Faculty Development for Leadership

Special thanks to Deepak Dath, HBSc MD MEd FRCSC FACS, for developing this content.

The introduction of the Leader Role in the 2015 revision of the CanMEDS framework has generated a burst of activity around leadership in medical education. With the realization that leadership as a competency can be understood, parsed and taught, there is now a need to prepare faculty, educators and administrators to do this teaching.

Our learners may be primed to learn about leadership, but how ready are our faculty to teach leadership explicitly? Most faculty have not received leadership training themselves. This has not stopped them from performing as leaders in a wide range of activities and at all levels of leadership, but they may not be sufficiently familiar with the jargon and techniques of leadership and the ways of teaching it to develop the next generation of doctors with the defined leadership skills they will need to achieve excellence. In this section we describe very briefly some concepts about faculty development in leadership and provides some examples of leadership training for faculty.

In recent years, leadership training for faculty and residents has increased. However, if this is to translate into dedicated and meaningful attention to leadership in physician training, faculty development that prepares academic physicians to be active teachers of the Leader Role must become an organized effort.

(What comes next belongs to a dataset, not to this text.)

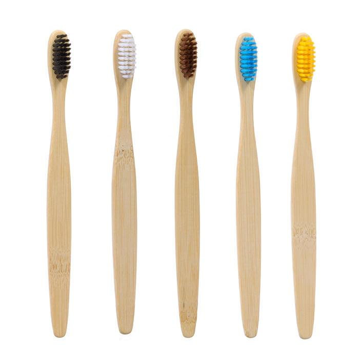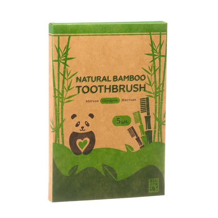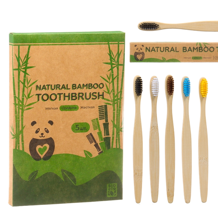 Зубная щетка бамбуковая средняя, 5 штук, микс цветов

Faculty development in leadership itself requires some leadership. The use of techniques and processes from other areas of medical education has the potential to increase success. (Frank et al).1 The five core components of competency-based medical education described by van Melle and colleagues (2017 Academic Medicine)2 are outcome competencies, sequenced progression, tailored learning experiences, competency-focused instruction and programmatic assessment.

Iobst and Holmboe describe programmatic assessment of learners as a subsystem of the CBME system.3 This subsystem includes the people who collaborate to perform appropriate assessments, the overall goals of the system; the assessment techniques and a focus on the outcomes of interest. Similarly, a programmatic approach should be taken to faculty development to ensure that the offerings and initiatives to develop faculty’s leadership knowledge and skills are knit together with other themes in faculty development. The programmatic approach should align with the vision, mission and goals of the faculty. Faculty members should lead the effort to design the overall faculty development program on the basis of what they and their colleagues want to achieve over time. Programmatic development is not a new technique. It is touted as the way forward in medical education, in assessment and even in the business world.

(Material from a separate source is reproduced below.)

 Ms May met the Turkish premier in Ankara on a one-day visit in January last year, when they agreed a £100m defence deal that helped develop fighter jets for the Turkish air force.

Why does Competence by Design (CBD) require programmatic faculty development? To begin with, clinicians do complex work in chaotic systems.4 Leadership, in general, is a complex competency that requires different skills to be demonstrated by different clinicians at different levels at different times. For instance, consider some of the situations physicians might have to navigate in three different types of roles. First, a clinician, may require negotiation skills to acquire resources at the postgraduate medical education (PGME) table, conflict resolution skills to sort out a call schedule problem in her program and teamwork skills for distributive leadership during a discharge planning meeting for a complex patient. Second, while working on CBME changes, an educational leader may need to develop and use skills of effective time management and may be called upon to employ a more transactional leadership style to force a project to completion. Third, teaching faculty may need to demonstrate coaching styles and exemplify working together in teams, and they are expected to always be authentic leaders. In addition to the complexities of different roles, there are complexities associated with faculty with different mixes of experience functioning at different levels and new faculty constantly being recruited.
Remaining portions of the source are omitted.